Although exposure to phthalates was not directly measured, the relationship between testicular cancer and occupational exposure to PVC plastics has been explored in two studies. Hardell et al used the Swedish Cancer Registry to identify both cases of testicular cancer (n = 148) and controls (n = 315).99 A self-administered questionnaire was used to assess occupational histories. Potential occupational exposure to PVC plastics were confirmed by the employers. Six cases with seminoma and two controls reported exposure to PVC (OR = 5.6, 95% CI 1.1 to 196). Exposures to other types of plastics were not associated with increased risk. In a subsequent larger study, Hansen in 1999 did not find an association (OR ∼1.0) between occupational exposure to plastics, mainly PVC, and testicular cancer.100 Hansen’s study was a nationwide case-control study (3745/7212) with objective assessment of work histories using the national Supplementary Pension Fund in Denmark. In conclusion, based on these two studies there is inadequate evidence of an association between occupational exposure to PVC plastics and testicular cancer.

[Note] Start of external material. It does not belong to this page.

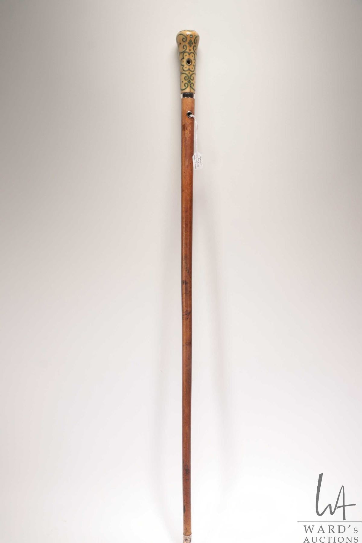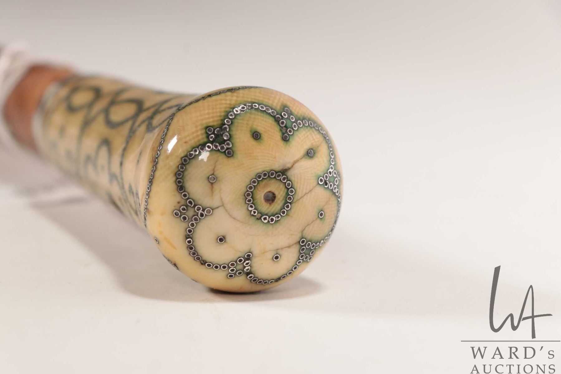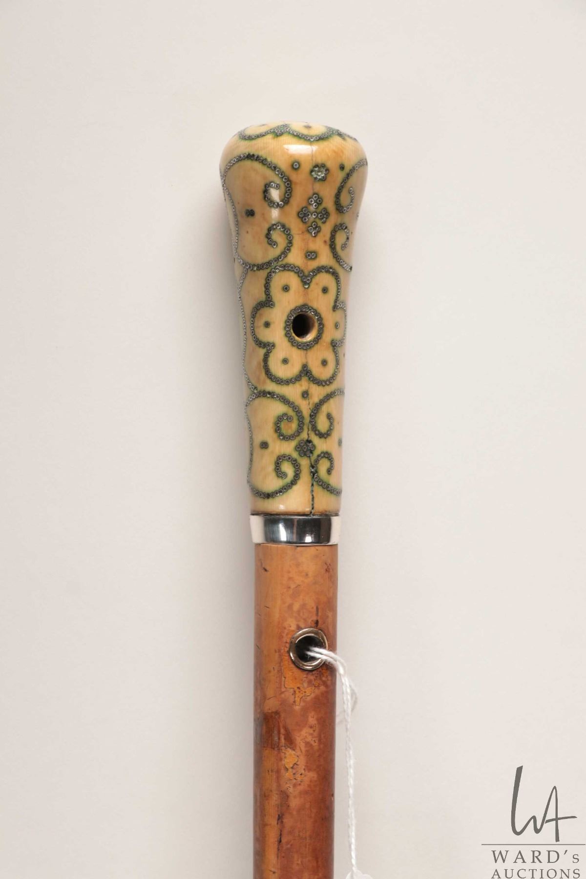 Antique, late 17th/ early 18th century malacca wood walking stick with Elephant Ivory top with inlai
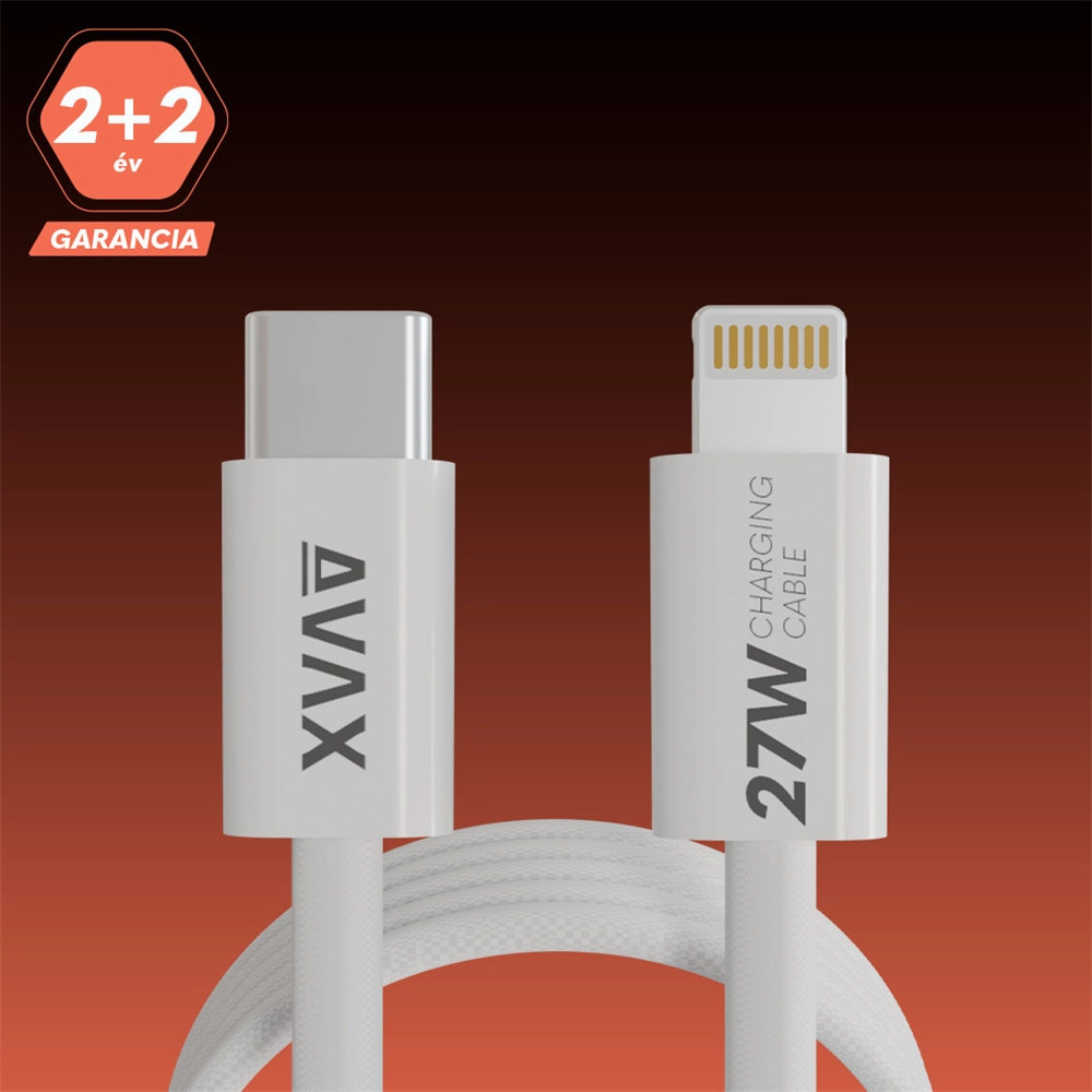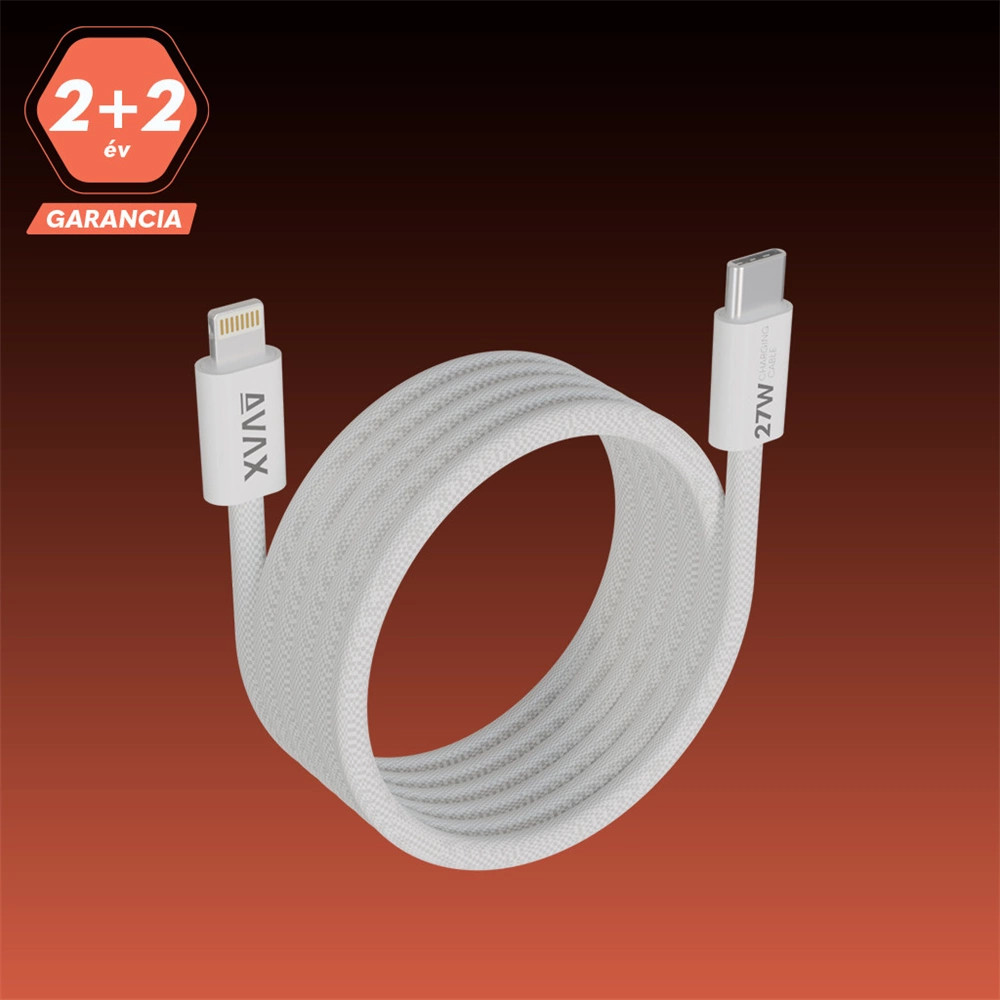 AVAX CB611W MAGNETY 27W USB-C - LIGHTNING mágneses gyorstöltő kábel, fonott 1m, fehér

Female reproductive health
Recent studies in experimental animals have found associations between DEHP and its metabolite MEHP and ovarian toxicity in sexually mature rats.101–103 Effects of DEHP include prolonged oestrous cycles, suppressed or delayed ovulation, smaller preovulatory follicles due to reduced granulosa cell size, and decreased circulating serum oestradiol. Suppression of oestradiol production by granulosa cells secondarily resulted in increased serum FSH levels and an absence of the LH surge necessary for ovulation. DEHP also suppressed serum progesterone levels. Thus, DEHP and MEHP resulted in hypoestrogenic, hypoprogestinic, anovulatory cycles in adult female rats. MMP, MEP, monopropyl phthalate, MBP, and monopentyl phthalate had no effects on oestradiol production.103 Studies in pregnant and pseudopregnant rats have also found associations between DBP and BBzP and impaired implantation in mated females and decreased decidualisation in the pseudopregnant animals.104,105 Based on the experimental studies, endpoints of interest in humans should include ovulatory function, which may include reduced fertility or prolonged time to pregnancy, and serum levels of oestradiol, progesterone, LH, and FSH.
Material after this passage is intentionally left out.